|Funerary relief of a priest of Magna Mater (gallus) from Lavinium. |
Rome, Capitoline Museums (mid-second century AD).
On certain days a multitude flocks into the temple, and the Galli in great numbers, sacred as they are, perform the ceremonies of the men and gash their arms and turn their backs to be lashed. Many bystanders play on the pipes the while many beat drums; others sing divine and sacred songs. All this performance takes place outside the temple, and those engaged in the ceremony enter not into the temple.
During these days they are made Galli.

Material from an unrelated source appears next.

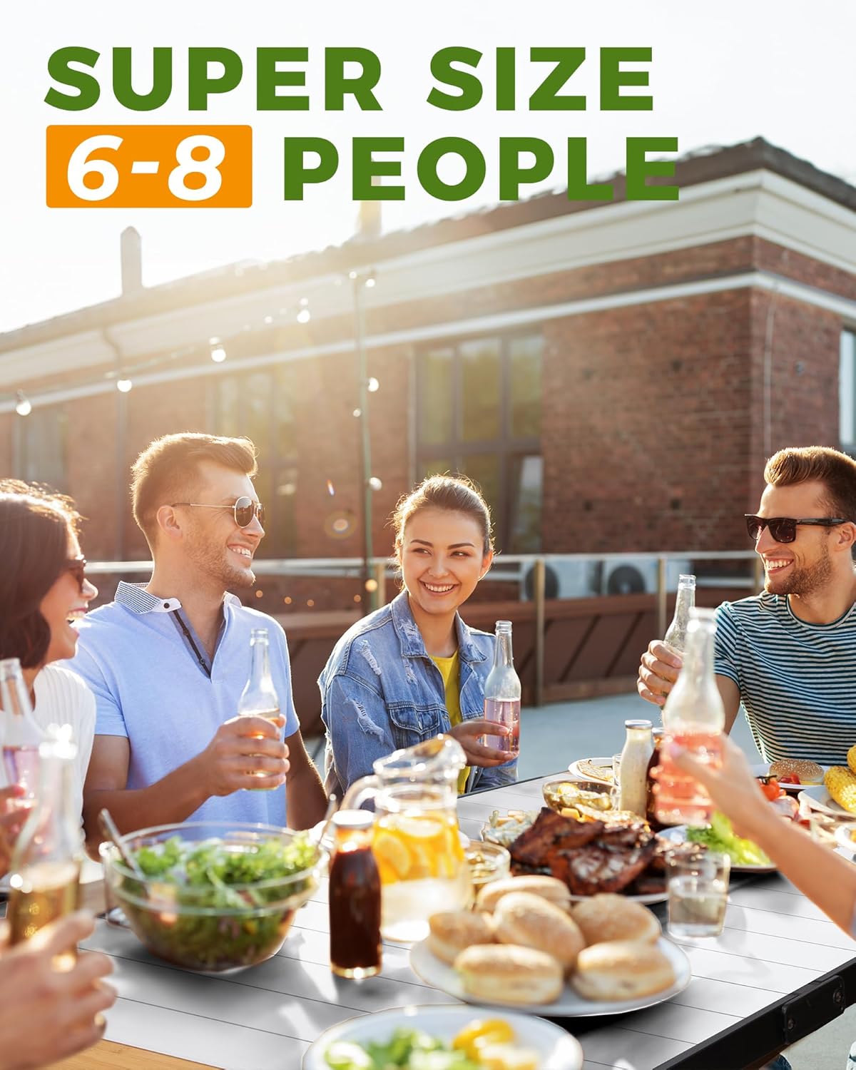- 【Spacious Tall Design】Designed with extra height and a large surface area, this table gives you more space for cooking, dining, or organizing your campsite. Whether you’re hosting a backyard BBQ or setting up a tailgate, there’s room for everyone - and everything.

As the Galli sing and celebrate their orgies, frenzy falls on many of them and many who had come as mere spectators afterwards are found to have committed the great act. I will narrate what they do. Any young man who has resolved on this action, strips off his clothes, and with a loud shout bursts into the midst of the crowd, and picks up a sword from a number of swords which I suppose have been kept ready for many years for this purpose. He takes it and castrates himself and then runs wild through the city, bearing in his hands what he has cut off. He casts it into any house at will, and from this house he receives women's raiment and ornaments. Thus they act during their ceremonies of castration.
- Lucian of Samosata (mid-second century AD).
The Syrian Goddess (De Dea Syria) by Lucian of Samosata, translated by Herbert A. Strong and John Garstang, Heinemann, 1913.